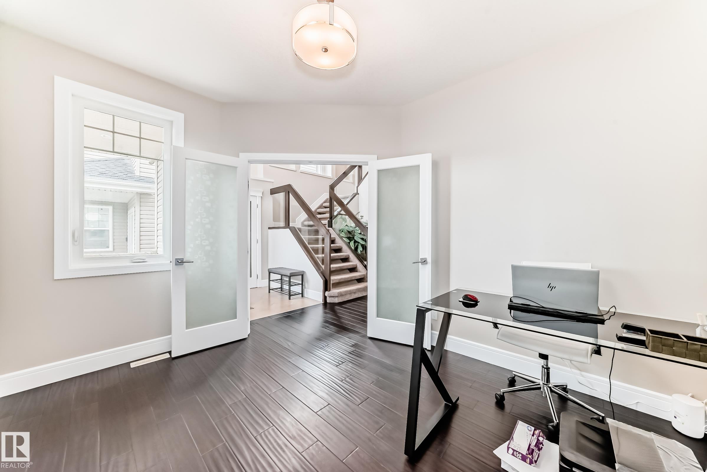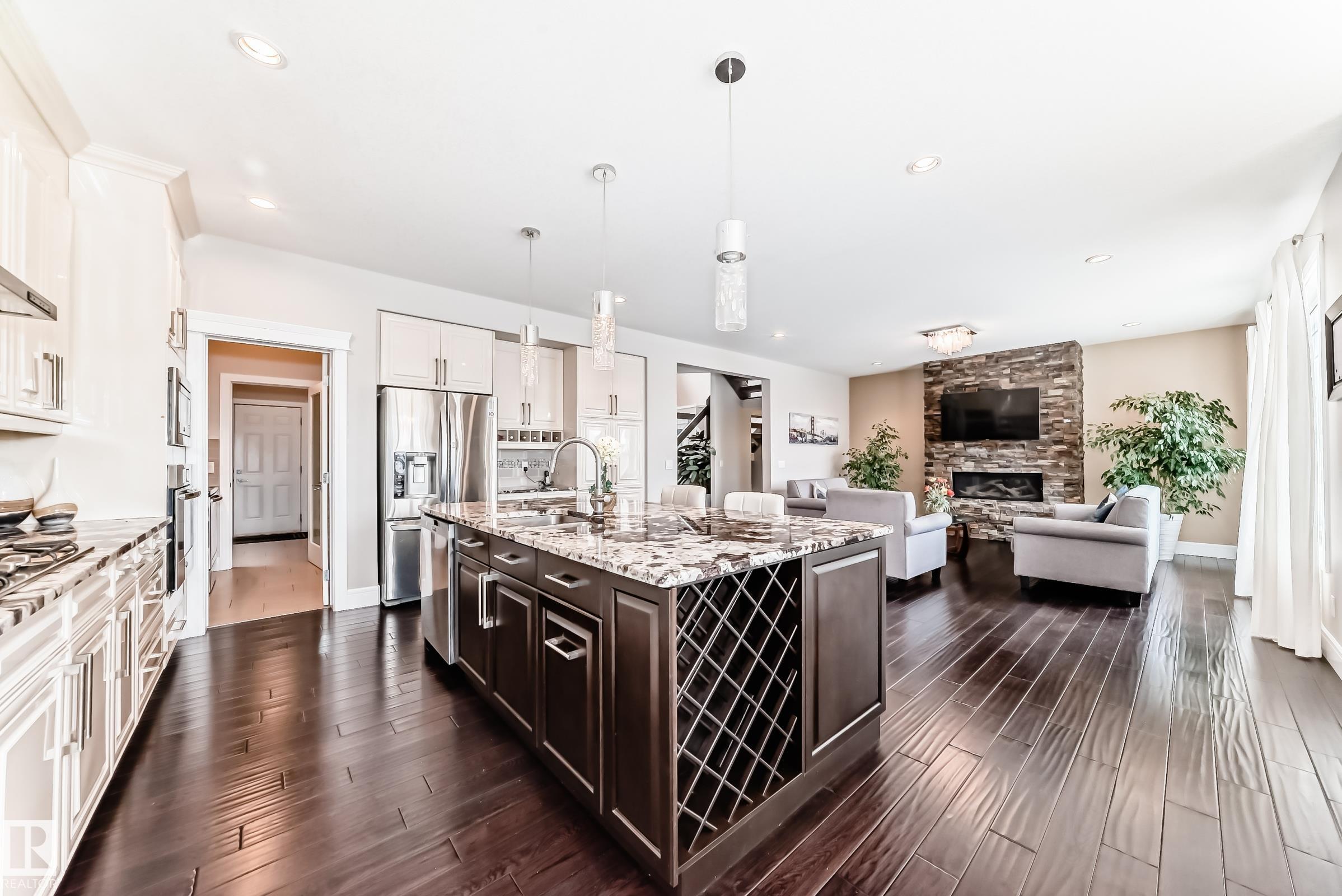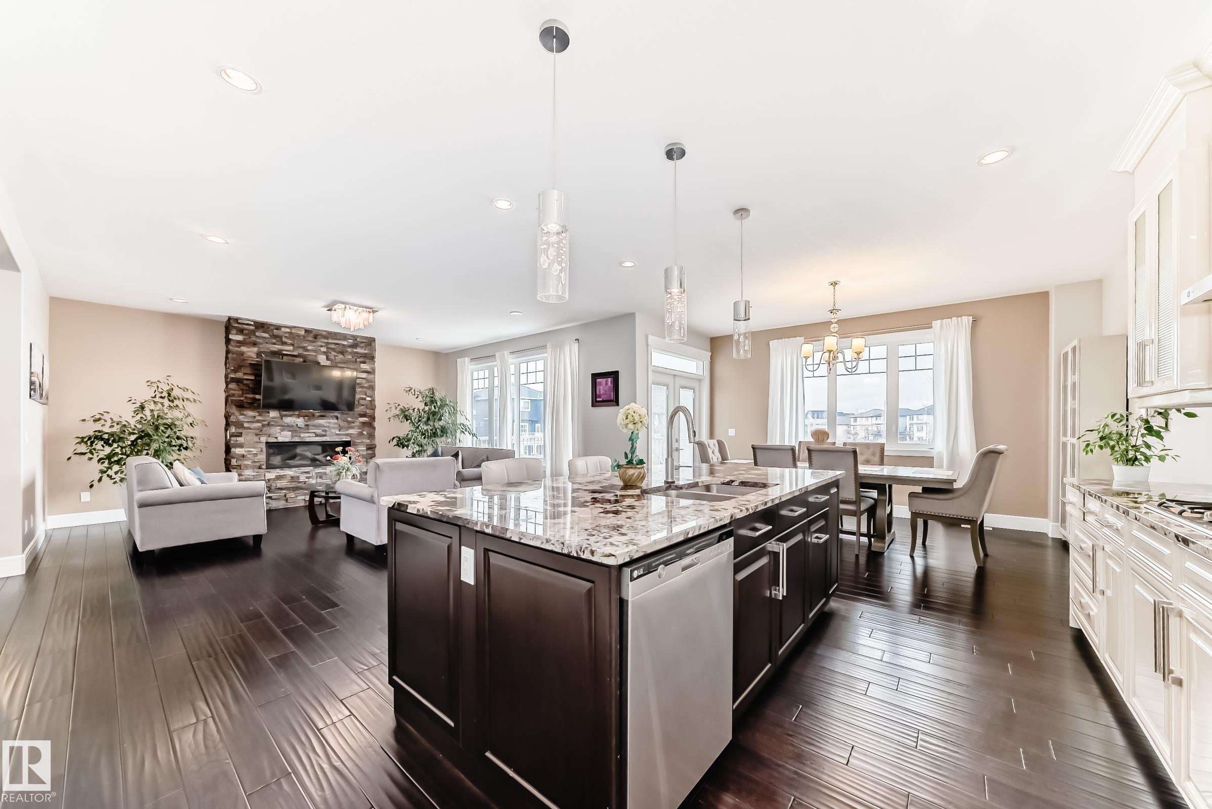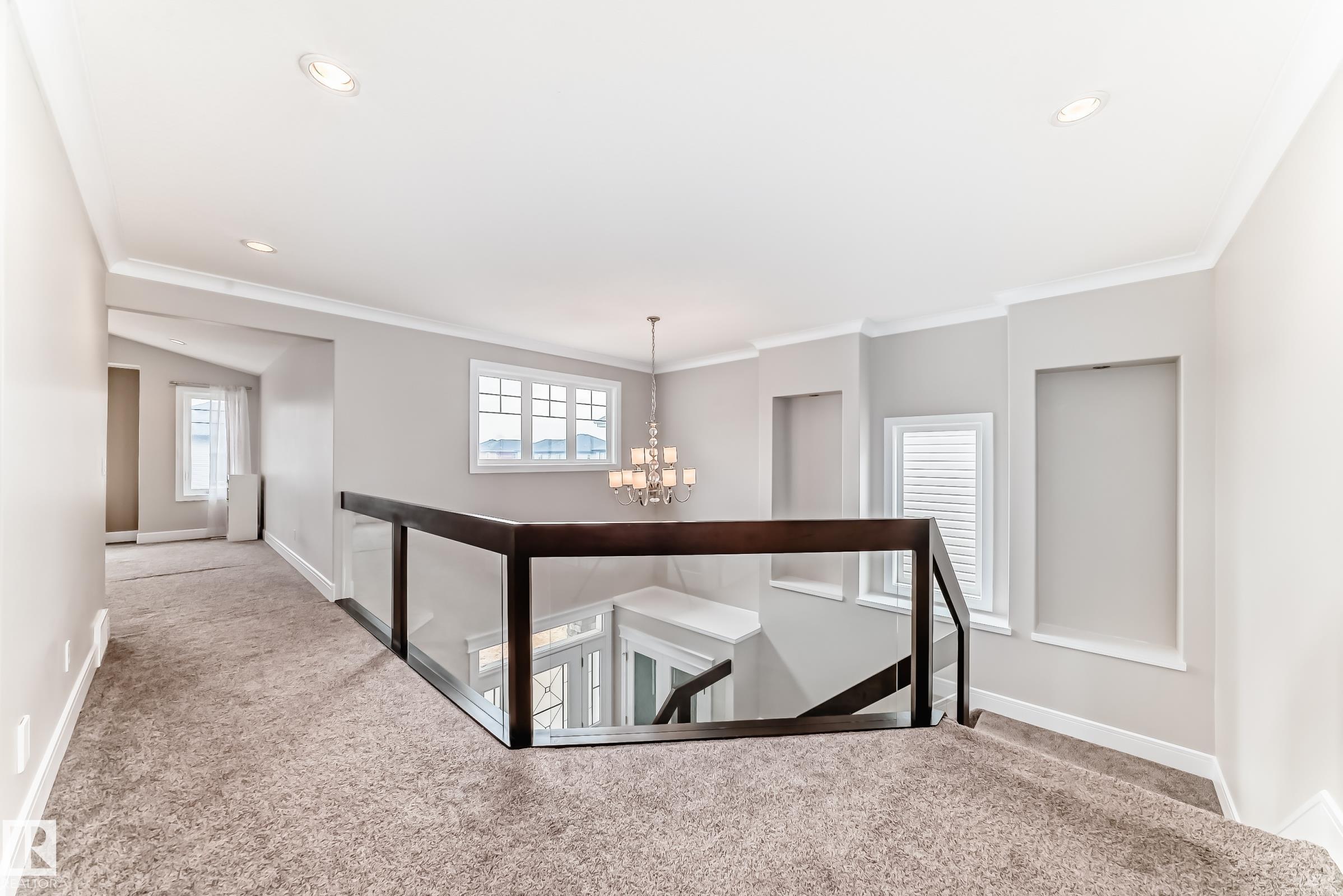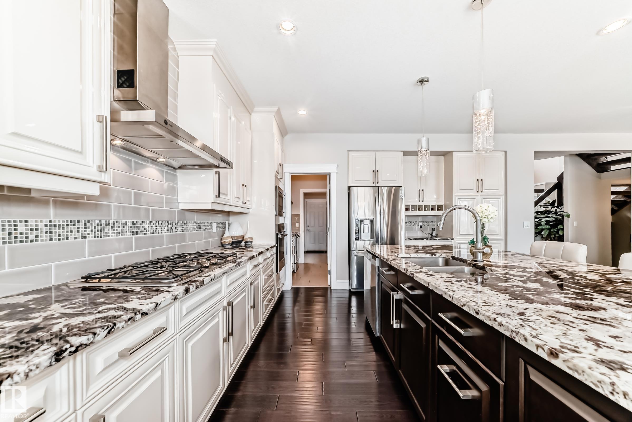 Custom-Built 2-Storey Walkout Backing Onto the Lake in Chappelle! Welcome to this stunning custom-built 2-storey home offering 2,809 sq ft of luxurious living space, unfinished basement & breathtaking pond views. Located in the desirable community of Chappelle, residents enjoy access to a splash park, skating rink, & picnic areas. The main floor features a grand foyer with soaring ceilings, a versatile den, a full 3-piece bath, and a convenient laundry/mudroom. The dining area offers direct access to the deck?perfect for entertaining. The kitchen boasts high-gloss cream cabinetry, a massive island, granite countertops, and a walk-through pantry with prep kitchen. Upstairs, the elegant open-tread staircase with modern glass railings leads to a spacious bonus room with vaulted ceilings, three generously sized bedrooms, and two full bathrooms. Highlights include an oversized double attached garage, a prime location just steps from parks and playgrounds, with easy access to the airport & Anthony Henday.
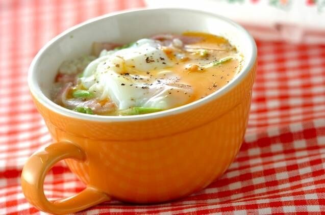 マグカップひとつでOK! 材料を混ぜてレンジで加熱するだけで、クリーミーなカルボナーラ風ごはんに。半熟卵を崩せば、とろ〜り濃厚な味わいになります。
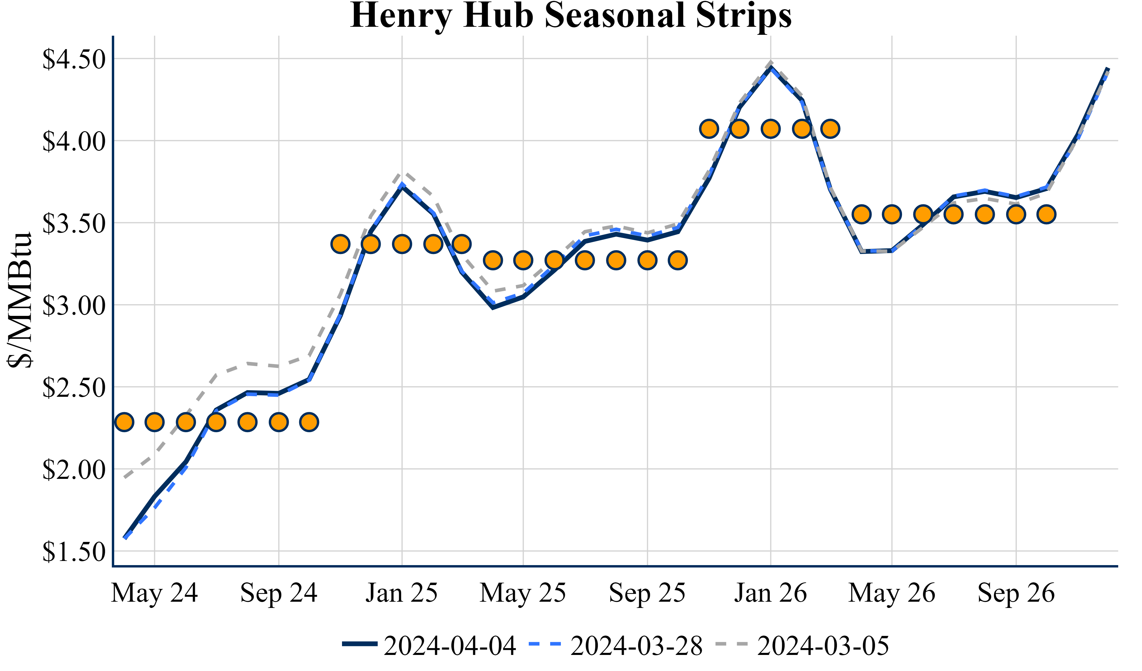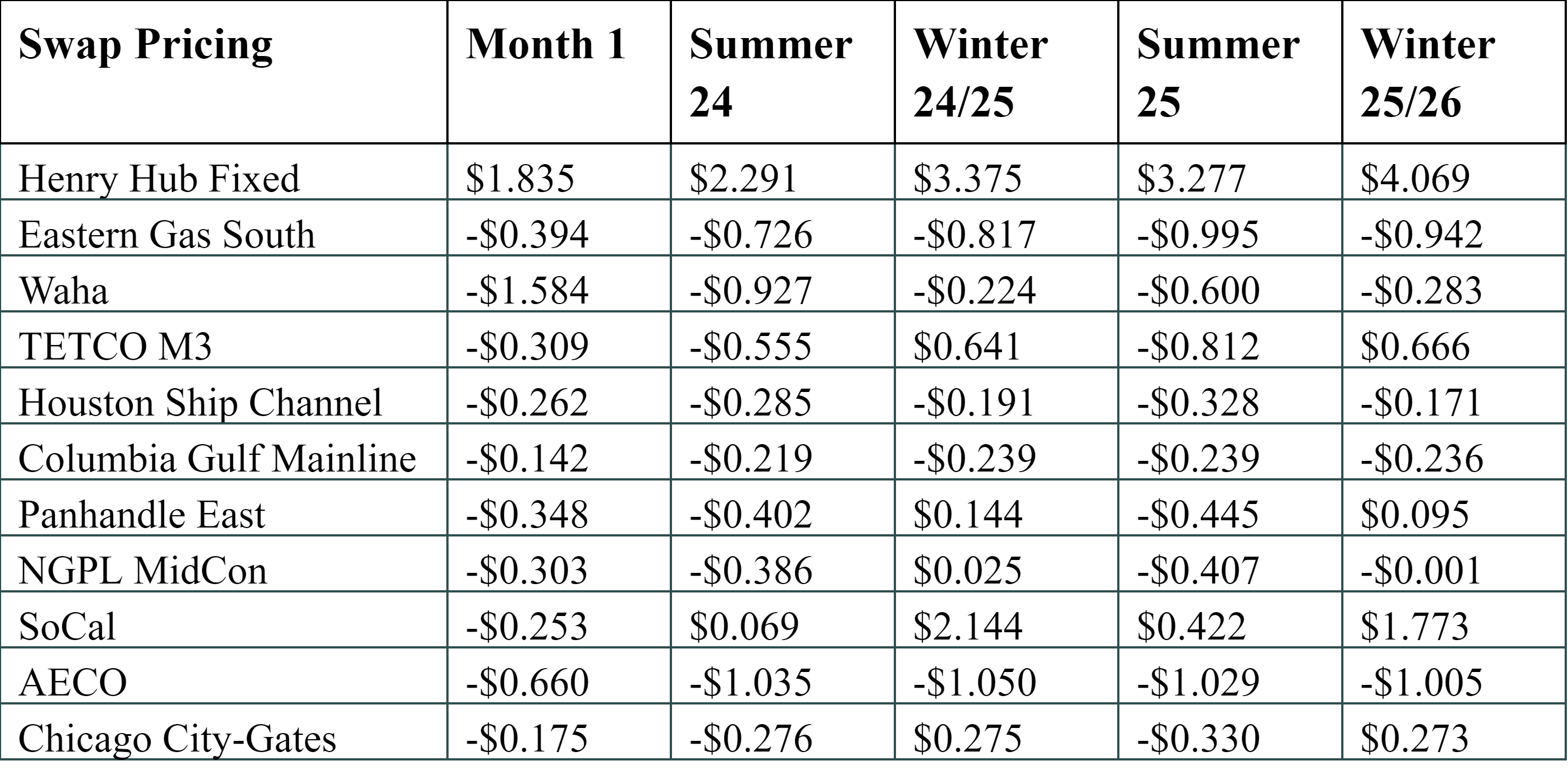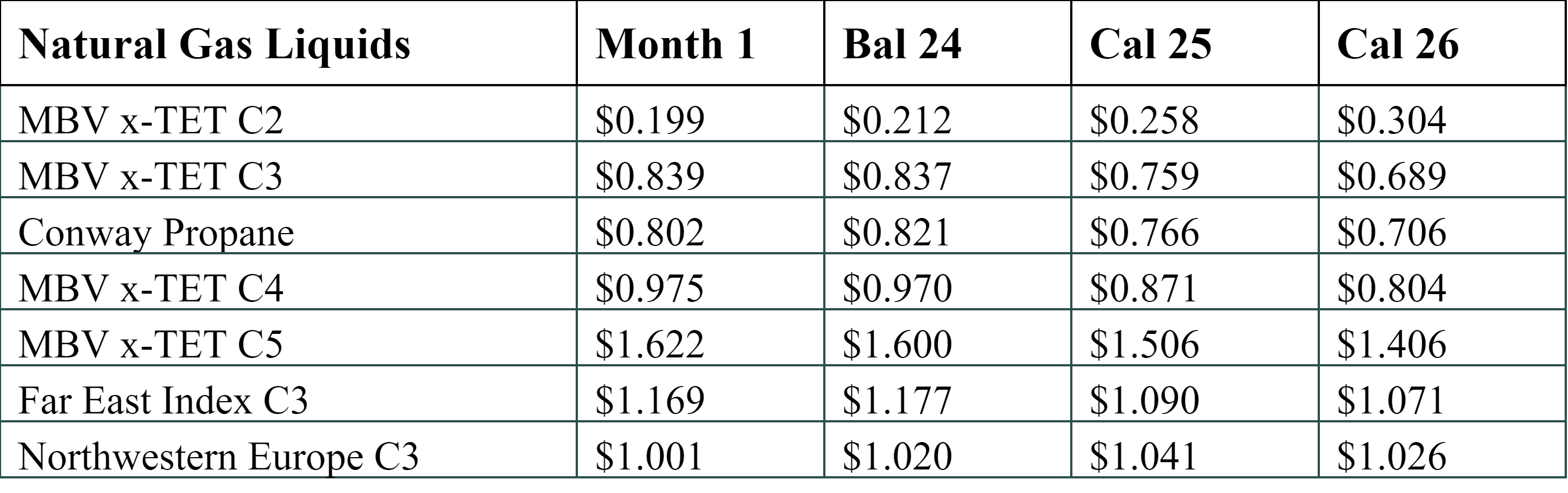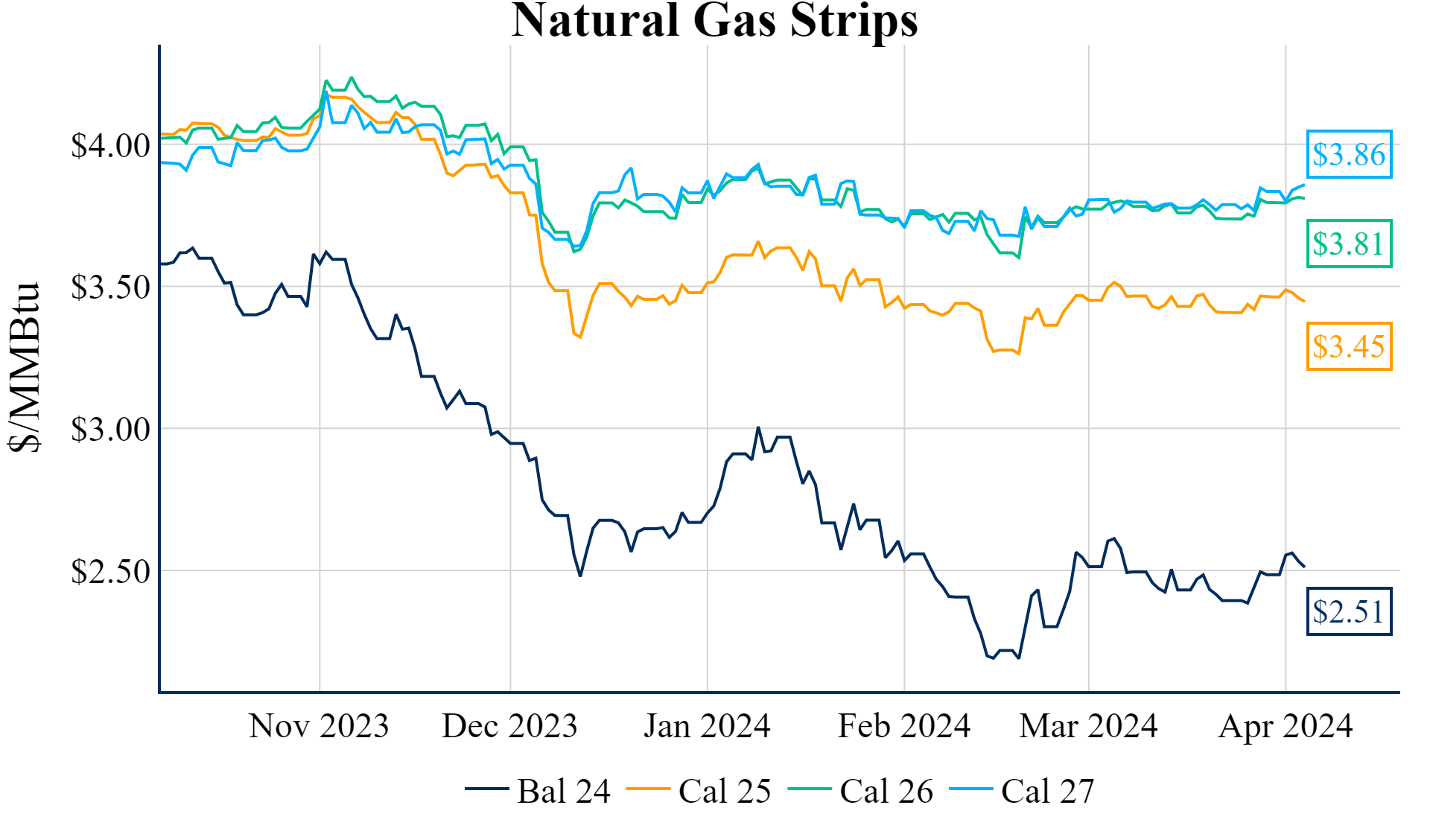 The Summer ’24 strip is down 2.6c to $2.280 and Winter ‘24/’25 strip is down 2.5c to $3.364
-=-=-
■ **The task**: Skipping all images, print the data above a second time exactly.

■ **Exercise result**:
 Custom-Built 2-Storey Walkout Backing Onto the Lake in Chappelle! Welcome to this stunning custom-built 2-storey home offering 2,809 sq ft of luxurious living space, unfinished basement & breathtaking pond views. Located in the desirable community of Chappelle, residents enjoy access to a splash park, skating rink, & picnic areas. The main floor features a grand foyer with soaring ceilings, a versatile den, a full 3-piece bath, and a convenient laundry/mudroom. The dining area offers direct access to the deck?perfect for entertaining. The kitchen boasts high-gloss cream cabinetry, a massive island, granite countertops, and a walk-through pantry with prep kitchen. Upstairs, the elegant open-tread staircase with modern glass railings leads to a spacious bonus room with vaulted ceilings, three generously sized bedrooms, and two full bathrooms. Highlights include an oversized double attached garage, a prime location just steps from parks and playgrounds, with easy access to the airport & Anthony Henday.
 マグカップひとつでOK! 材料を混ぜてレンジで加熱するだけで、クリーミーなカルボナーラ風ごはんに。半熟卵を崩せば、とろ〜り濃厚な味わいになります。
 The Summer ’24 strip is down 2.6c to $2.280 and Winter ‘24/’25 strip is down 2.5c to $3.364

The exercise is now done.